→ **Problem description**
Your output should be the lines below from the one holding "We thoroughly enjoyed" through the one holding "3、在设置页面,若要进行账号", transcribed exactly, with no pictures.

→ **Data for the task**
=== Section Start ===
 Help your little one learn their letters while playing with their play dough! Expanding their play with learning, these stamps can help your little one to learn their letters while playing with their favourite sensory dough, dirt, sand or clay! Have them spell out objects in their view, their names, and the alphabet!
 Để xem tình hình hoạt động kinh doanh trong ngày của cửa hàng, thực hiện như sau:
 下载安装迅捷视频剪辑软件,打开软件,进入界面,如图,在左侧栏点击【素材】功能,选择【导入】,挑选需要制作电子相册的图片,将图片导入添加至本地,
=== Section End ===
=== Section Start ===
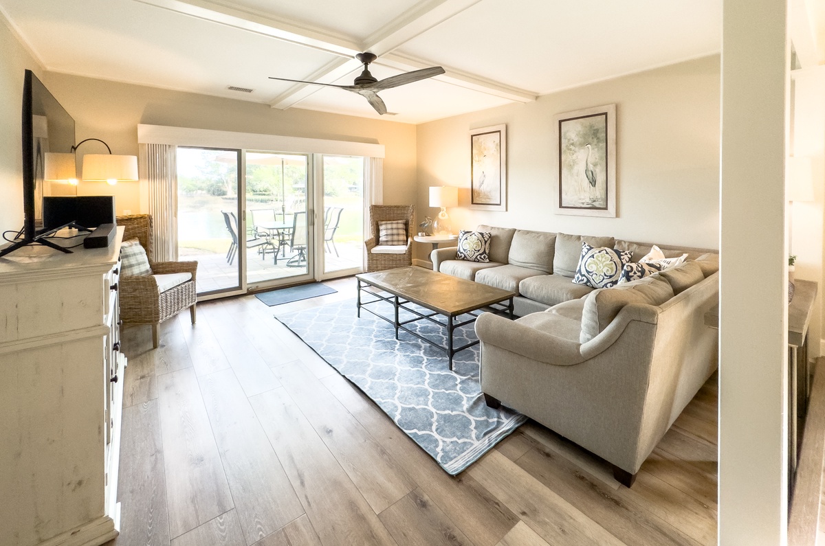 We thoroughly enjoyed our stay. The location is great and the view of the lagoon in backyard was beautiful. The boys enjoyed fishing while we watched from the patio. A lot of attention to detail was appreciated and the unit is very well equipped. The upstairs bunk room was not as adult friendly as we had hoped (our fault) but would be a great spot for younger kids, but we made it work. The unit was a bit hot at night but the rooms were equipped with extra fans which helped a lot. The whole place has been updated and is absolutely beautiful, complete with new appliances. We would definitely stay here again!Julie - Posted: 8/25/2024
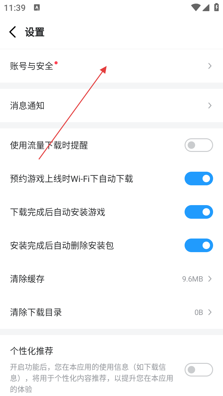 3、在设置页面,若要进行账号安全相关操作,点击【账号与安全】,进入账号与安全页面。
=== Section End ===
→ **Task result**
 We thoroughly enjoyed our stay. The location is great and the view of the lagoon in backyard was beautiful. The boys enjoyed fishing while we watched from the patio. A lot of attention to detail was appreciated and the unit is very well equipped. The upstairs bunk room was not as adult friendly as we had hoped (our fault) but would be a great spot for younger kids, but we made it work. The unit was a bit hot at night but the rooms were equipped with extra fans which helped a lot. The whole place has been updated and is absolutely beautiful, complete with new appliances. We would definitely stay here again!Julie - Posted: 8/25/2024
 3、在设置页面,若要进行账号安全相关操作,点击【账号与安全】,进入账号与安全页面。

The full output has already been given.